Une guerre dans le désert

Entretenir la peur, désigner un ennemi, assassiner des innocents et capitaliser politiquement le fruit de l'horreur. C'est le mode de fonctionnement de toute entreprise terroriste. Michel Germaneau n'avait qu'un tort : être un civil français sur un territoire, le Sahel, convoité ¯ et de plus en plus contrôlé ¯ par les bandes d'Al-Qaida au Maghreb islamique (Aqmi). Il était venu aider les populations locales. Son assassinat n'en est que plus choquant.

Sur une immense bande de territoire qui traverse le continent, des côtes de la Mauritanie au Tchad, l'islamisme radical se répand. Depuis trois ans, les attentats et les enlèvements d'Occidentaux dans cette partie de l'Afrique se sont multipliés. Ressortissants espagnols, britanniques, autrichiens ou français en ont fait les frais.
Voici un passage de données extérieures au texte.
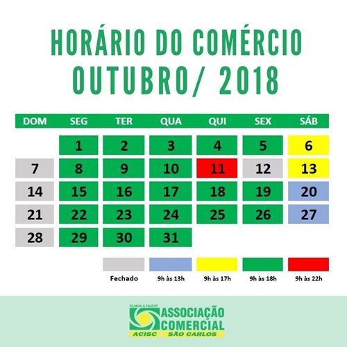 A ACISC (Associação Comercial e Industrial de São Carlos) informa o horário do comércio de rua - centro e bairros - para o mês de outubro, que terá horário especial nos dois primeiros sábados, dias 6 e 13, com lojas abertas das 9h às 17h.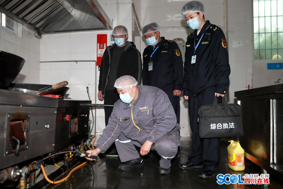 四川在线泸州消息(彭双 母宗雨/文 廖胜春/图) 近日,纳溪区综合行政执法局联合燃气公司,在辖区内集中开展燃气安全专项检查行动,对小区、餐馆、学校等场所的燃气管道、软管、灶具等进行全面“体检”。
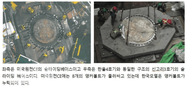 이로 인해 정상운전중 슬라이딩베이스는 설계허용값을 초과한 상태에 있다. 이 결함은 수년전까지만 해도 재질의 문제로 이해되었지만, 최근 ‘설계상의 결함’이라는 의심을 받고 있다. 한울3호기4호기는 미국CE-80모델을 본 따 개발한 한국형모델 APR1400인데 미국 것과는 다른 부분이 있다. 미국의 CE 모델에는 증기발생기의 하중을 지탱하는 슬라이딩베이스에 8개의 앵커볼트가 있는데, APR1400과 OPR1000에는 그 앵커볼트들이 빠져 있다.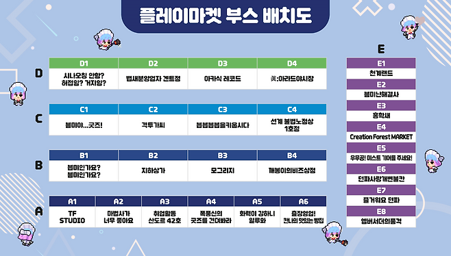 레바, 낡은창고, 족제비와 토끼, 쭐어, SSS, Yuu 등 인기 일러스트 작가들이 참여하는 플레이마켓이 이번 던파 페스티벌에서 열린다. 플레이마켓은 던파 관련 2차 창작물, 코스프레, 공연 등이 핵심이 되는 던파 동인 행사다.

Toutefois, jusqu'ici, seul un otage britannique avait été tué, l'an dernier. Un autre Français, Pierre Camatte, avait, lui, été libéré il y a quelques mois, après une tractation menée de concert avec les autorités maliennes. Une marge de négociation existait-elle aussi pour Michel Germaneau ? C'est la question qui taraude les proches de la victime et, avec eux, tous les proches des autres otages français encore détenus en Afghanistan ou en Somalie.
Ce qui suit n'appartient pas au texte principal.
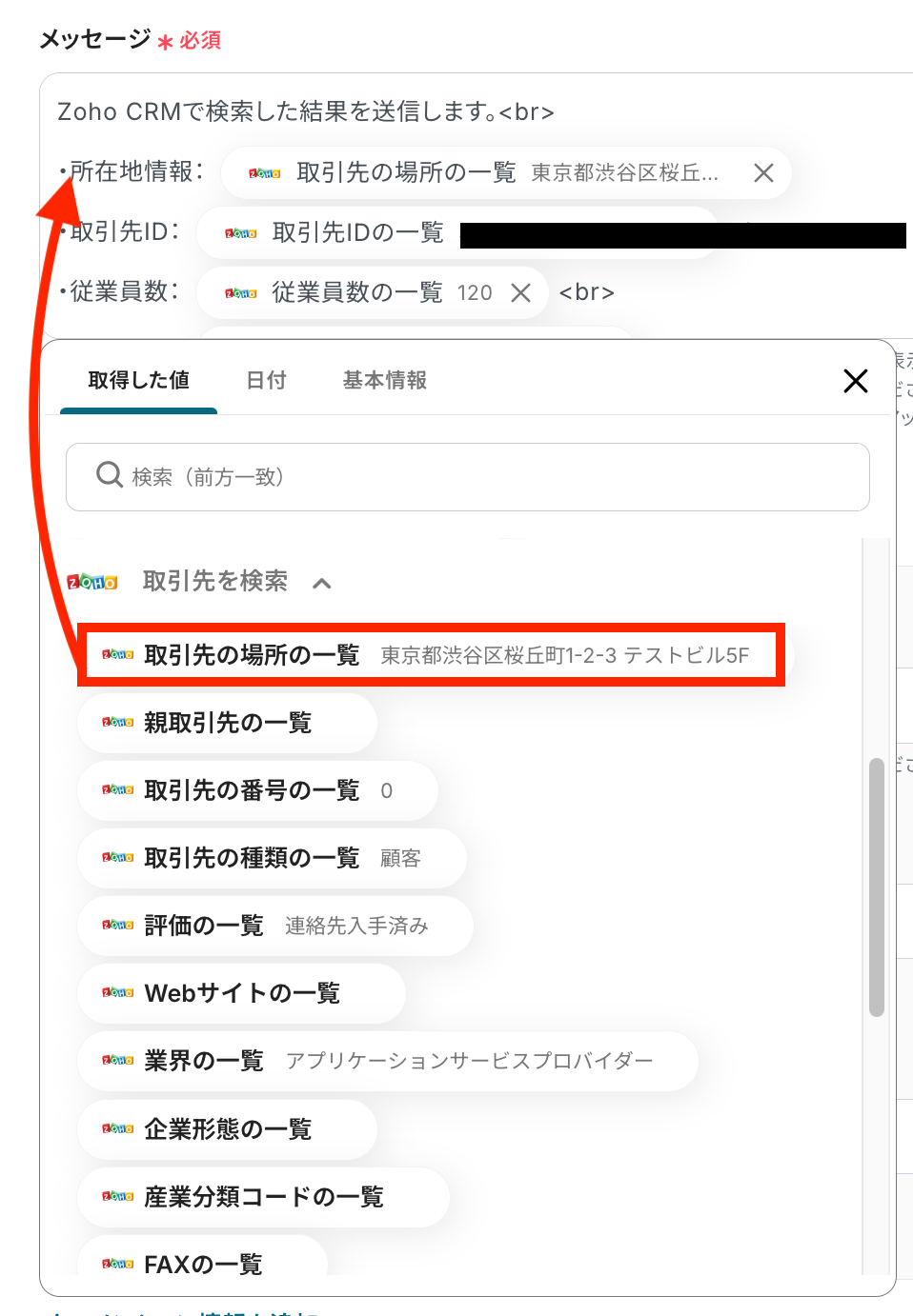 「メッセージ」も同様に、前ステップから取得したアウトプットを引用して設定できます。

En l'absence totale d'information sur le sort du septuagénaire depuis plus de deux mois, les autorités françaises ont considéré que le raid mené par l'armée mauritanienne, la semaine dernière, auquel des éléments français ont participé, constituait un risque nécessaire pour tenter de le sauver. L'opération s'est révélée positive du point de vue mauritanien, car elle a permis de démanteler une base logistique importante des organisations terroristes qui opèrent dans le nord du Mali. En revanche, le résultat est beaucoup plus compliqué pour la France, même si nombre d'observateurs estiment que l'otage était peut-être déjà mort.

Car, dans la guerre contre le terrorisme, chaque geste compte, et un état démocratique a beaucoup plus à perdre qu'à gagner. Très mobiles sur ces terres du Sahel qui échappent à tout contrôle étatique, les bandes affiliées à Aqmi, notamment le groupe d'Abou Zeid, qui détenait l'otage, traquent toutes les occasions de monter en puissance. Les liens directs avec la maison-mère d'Al-Qaida ne sont pas nécessaires pour y ouvrir des « franchises ». Tous les trafics sont là, à portée de la main, pour les financer. Drogue. Armes. Trafic d'otages.
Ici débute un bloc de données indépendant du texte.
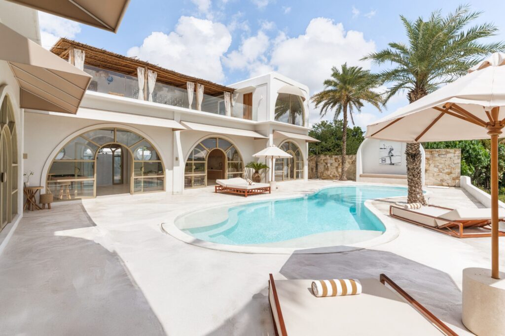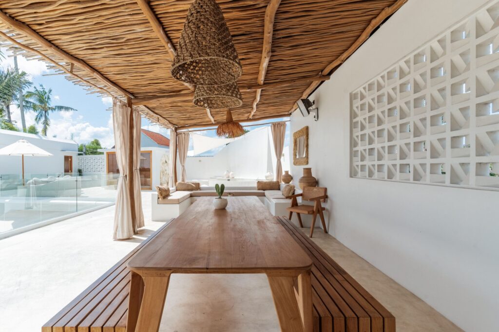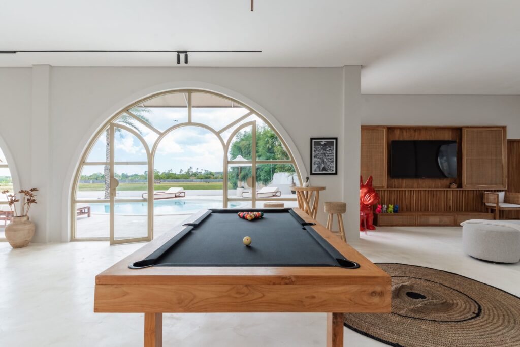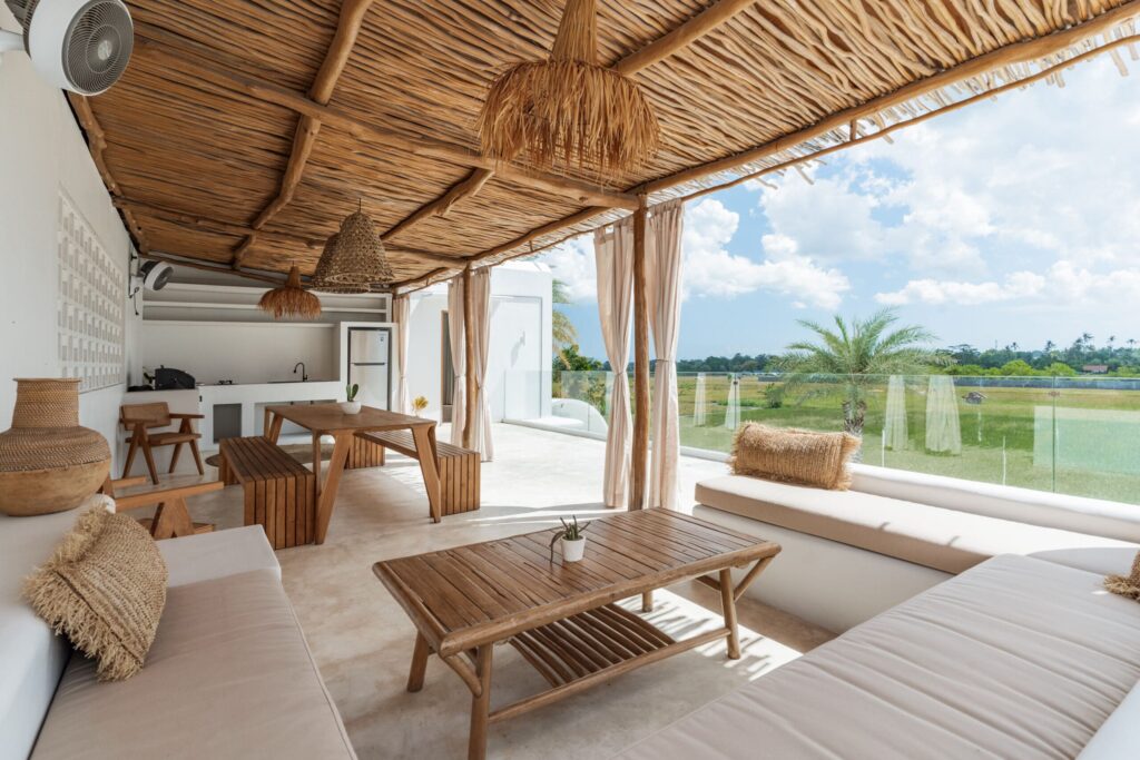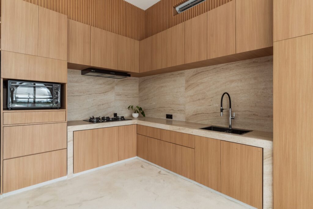 Designed to embody effortless sophistication, the villa features 5 luxurious en-suite bedrooms adorned with soft, earthy tones. Large arched windows flood each room with natural light while framing picturesque views of the private pool and lush tropical surroundings. The spacious living area creates a seamless space for relaxation and connection, while the open-concept kitchen and dining area strike the perfect balance between style and functionality. Featuring sleek wooden cabinetry, elegant pendant lighting, and a spacious dining table, this inviting space is designed for both intimate family meals and grand dinner parties.
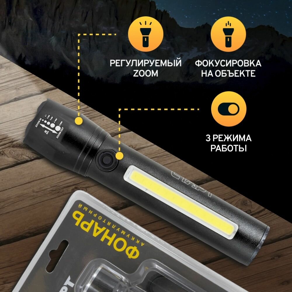 Ручной фонарик аккумуляторный светодиодный старт 7Вт , 3 режима работы

C'est sur ce champ de bataille qui ne dit pas son nom que Michel Germaneau est tombé, comme dans un piège. À la bourse terroriste, tous les Occidentaux ont un prix. Dans cette partie de l'Afrique, les otages français ont, en plus, une valeur ajoutée. Le passé colonial, la laïcité et le voile, le soutien au régime algérien du président Bouteflika et à sa lutte sans quartier contre leur organisation sont autant de motifs de haine pour les responsables d'Aqmi, contraints, depuis trois ans, de se replier plus au Sud pour mener le Jihad.

Les spécialistes du renseignement affirment qu'Al-Qaida a subi de sérieux revers, sous la pression internationale, et serait, justement, en repli. Son pouvoir de nuisance n'en reste pas moins considérable, dès lors qu'elle investit un territoire de non-droit, dans le Sahel comme en Afghanistan ou dans l'océan Indien. Visée, la France n'est toutefois pas sa seule cible. Ce n'est qu'en renforçant la coopération internationale dans la lutte antiterroriste que la menace pourra être contenue.